Next, we performed RNA-ISH and IHC assays to examine the expression levels of lncRNA CASC15 and its related proteins, in A549 xenograft tissues (refer to Fig. 1g) and NSCLC tissue microarrays. As shown in Fig. 6a, HIF-1α, CASC15, SOX4, and β-catenin were aberrantly overexpressed in a substantial proportion of NSCLC patients (45.7%, 16/35), while in normal lung tissues their expressions were nearly absent. Intriguingly, we found that silencing of CASC15 in A549 xenograft tissues remarkably reduced the protein levels of SOX4 and β-catenin, but had no effect on HIF-1α expression (Fig. 6c), supporting our notion that CASC15 functions at an intermediate node in the HIF-1α/CASC15/SOX4/β-catenin signaling axis (Fig. 6d). Furthermore, we examined the expression levels of CASC15 and related proteins in fresh samples from seven lung adenocarcinomas and three normal lung tissues. qPCR and Western blotting analyses showed significant positive correlations between levels of CASC15 and its regulators/targets (Fig. 6b). Taken together, these data demonstrated that the HIF-1α/CASC15/SOX4/β-catenin pathway was activated in a substantial subset of NSCLC patients.

Fig. 6
figure6

HIF-1α/CASC15/SOX4/β-catenin pathway is activated in a substantial subset of NSCLC patients and A549 xenograft tissues. a Representative ISH staining of CASC15 and IHC staining of HIF-1α, SOX4, and β-catenin in a tissue microarray consisting of 35 matched pairs of NSCLC and adjacent normal lung tissues. Scale bar: 200 μm. b Positive correlation between CASC15 expression and levels of HIF-1α, SOX4, and β-catenin in NSCLC and adjacent normal lung tissues. LncRNA expression was evaluated by qRT-PCR, and protein abundance was evaluated by Western blotting. c Representative ISH staining of CASC15 and IHC staining of HIF-1α, SOX4, and β-catenin in A549-shControl and A549-shCASC15 xenograft tissues. d A schematic model of HIF-1α/CASC15/SOX4/β-catenin signaling pathway activated in NSCLC

Discussion

One of the common characteristics of rapidly growing solid tumors is the hypoxia of solid tissues. Therefore, the adaptation of cells to hypoxia and the change of glucose metabolism are the biological basis for the survival of tumor tissues [30]. It has been acknowledged that the early phase of solid tumor growth can be divided into two steps: First, malignant cells form small solid tumors, resulting in tumor hypoxia due to relative lag of vascular growth and rapid proliferation of tumor cells. However, hypoxic tumors are usually small, with a diameter of 2 mm ~ 3 mm. Second, hypoxia triggers fundamental changes in gene expression, leading to neovascularization and tumor growth and metastasis [30].

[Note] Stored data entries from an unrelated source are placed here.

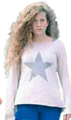
Ahed Tamimi Nuevo símbolo de la resistencia palestina

Uno de los grandes acontecimientos internacionales de 2018 fue el Mundial de Fútbol en Rusia. Uno de los jugadores más admirados en su país es Mo Salah, tanto por su virtuosismo en el terreno de juego como por su ejemplaridad en la vida privada. Salah es visto como una persona que a pesar del éxito sigue conservando humildad, modestia y generosidad. Su cuenta de Twitter ya ha alcanzado los siete millones de seguidores y como dato todavía más relevante, se dice que más de un millón de personas escribieron espontáneamente su nombre en las papeletas de la elección presidencial egipcia de marzo de 2018.
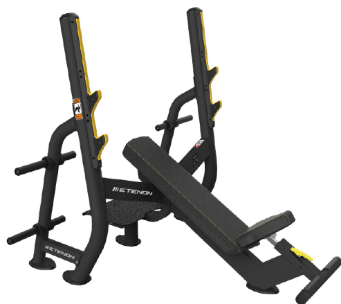
PTT0210 PRESS INCLINADO

DIMENSIONES: L: 134 x A: 45 x AL: 42 cm. (mín.) / 122 cm. (máx.). PESO TOTAL: 34 kg.
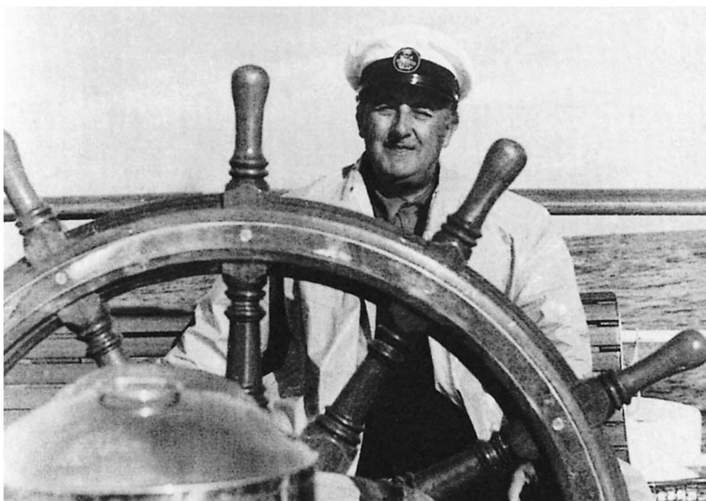
Franco en el Azor

6. JOSÉ MARÍA GARCÍA ESCUDERO, profundo conocedor del discurso cinematográfico del régimen, acostumbraba en conferencias, entrevistas y en el artículo que publicamos en este mismo volumen a fijar la conformación de la imagen humana de Franco en 1953.

HIF-1α is the oxygen-regulated subunit of HIF-1, a major transcription factor that mediates adaptive responses to hypoxia. Under normoxic conditions, HIF-1α is rapidly degraded by proteosomes after being targeted for ubiquitination, while reduced degradation results in elevated HIF-1α levels in response to hypoxia [31]. In NSCLC, HIF-1α showed a mixed cytoplasmic/nuclear expression pattern in tumor cells, tumor vessels and tumor-infiltrating macrophages, as well as in areas of metaplasia, while normal lung tissues displayed negative or very weak cytoplasmic staining [32]. Increased HIF-1α expression correlates with metastasis, chemotherapy resistance and poor prognosis in a variety of malignancies including NSCLC [31, 33, 34]. Previous studies have confirmed that there are more than 100 target genes transcriptionally regulated by HIF-1α, mainly including genes encoding angiogenesis-related factors and proliferation-related proteins [31]. In recent years, lncRNAs have also been reported to be involved in the hypoxia-related cancer process, implying their potential roles in enabling malignant cells to survive and in promoting tumor development under hypoxic stress. For example, hypoxia-induced histone deacetylase 3 represses lncRNA-LET by reducing the histone acetylation-mediated modulation of the lncRNA-LET promoter region, which leads to the stabilization of nuclear factor 90 protein and hypoxia-induced cancer cell invasion [35]. Another study demonstrated that linc-RoR is a hypoxia-responsive lncRNA that is functionally linked to hypoxia signaling in hepatocellular carcinoma through a miR-145/HIF-1α signaling module [36]. In pancreatic cancer, lncRNA-BX111887 was reported to be induced by HIF-1α in response to hypoxia. lncRNA-BX111887 upregulation contributes to the hypoxia-induced EMT of cancer cells by regulating expression of ZEB1 and its downstream genes E-cadherin and MMP2 [37]. However, while it has been widely accepted that complex coding/noncoding gene regulatory networks take part in the hypoxia-associated tumor progression, it remains largely elusive how HIF-1α/lncRNA axes participate in the development of lung cancer [38].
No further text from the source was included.